# WHAT NEEDS TO BE DONE
Write out exactly, and only, the lines below from the line with "Square Acrylic Glass" through the line with "Klettermöglichkeiten vor. |"; pictures do not belong in the copy.

# ENTRIES PROVIDED
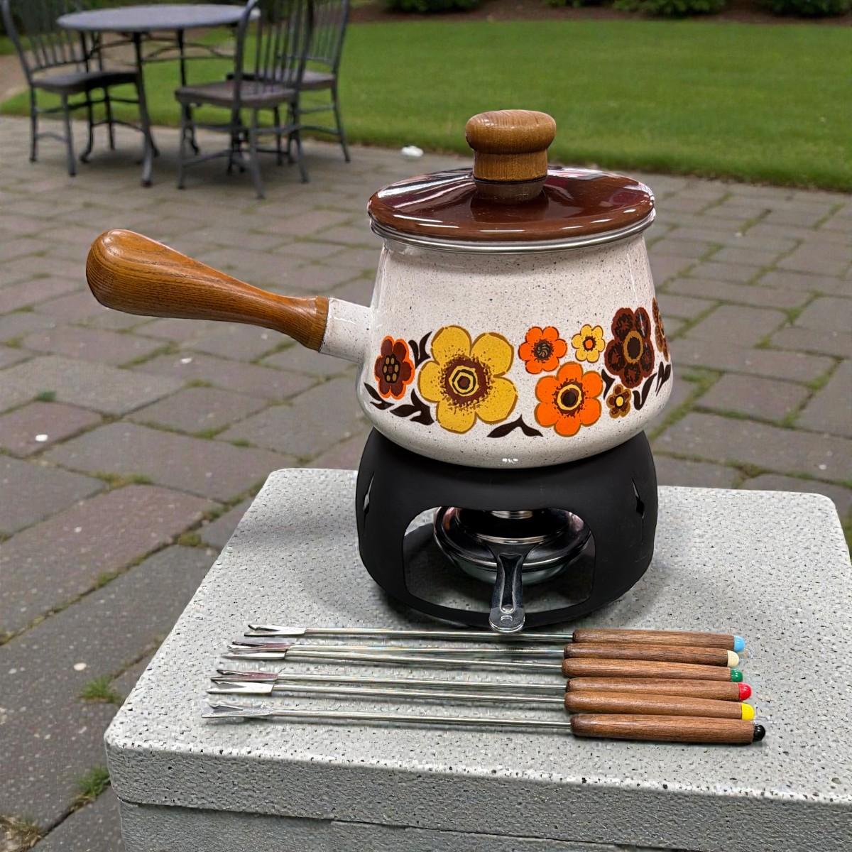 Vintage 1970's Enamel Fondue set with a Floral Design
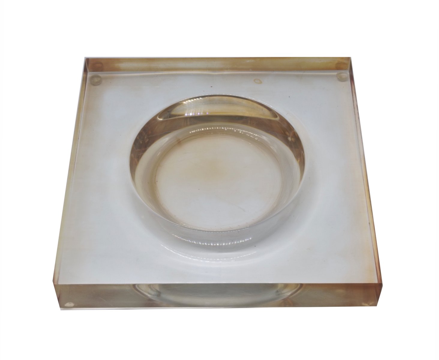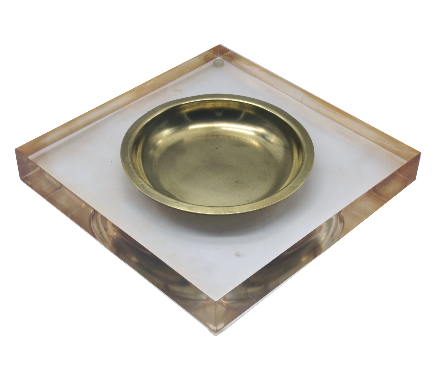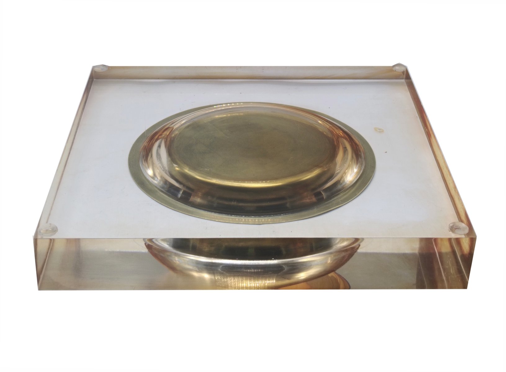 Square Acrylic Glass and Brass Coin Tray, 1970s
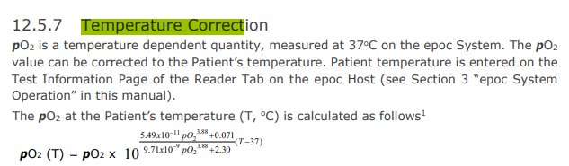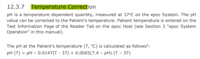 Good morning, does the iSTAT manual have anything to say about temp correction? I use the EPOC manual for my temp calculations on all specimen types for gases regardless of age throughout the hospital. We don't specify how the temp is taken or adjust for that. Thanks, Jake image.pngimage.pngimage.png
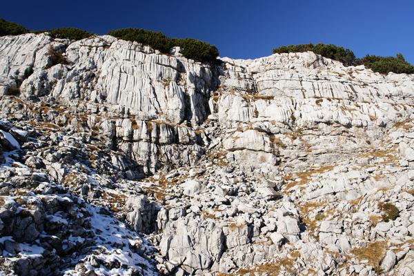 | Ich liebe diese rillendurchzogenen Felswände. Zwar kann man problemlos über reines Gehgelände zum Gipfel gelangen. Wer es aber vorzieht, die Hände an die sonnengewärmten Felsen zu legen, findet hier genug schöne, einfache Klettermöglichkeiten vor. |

...

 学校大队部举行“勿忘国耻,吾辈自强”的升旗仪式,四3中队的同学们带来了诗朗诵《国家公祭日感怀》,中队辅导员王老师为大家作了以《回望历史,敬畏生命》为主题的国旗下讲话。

# ANSWER AREA
 Square Acrylic Glass and Brass Coin Tray, 1970s
 Good morning, does the iSTAT manual have anything to say about temp correction? I use the EPOC manual for my temp calculations on all specimen types for gases regardless of age throughout the hospital. We don't specify how the temp is taken or adjust for that. Thanks, Jake image.pngimage.pngimage.png
 | Ich liebe diese rillendurchzogenen Felswände. Zwar kann man problemlos über reines Gehgelände zum Gipfel gelangen. Wer es aber vorzieht, die Hände an die sonnengewärmten Felsen zu legen, findet hier genug schöne, einfache Klettermöglichkeiten vor. |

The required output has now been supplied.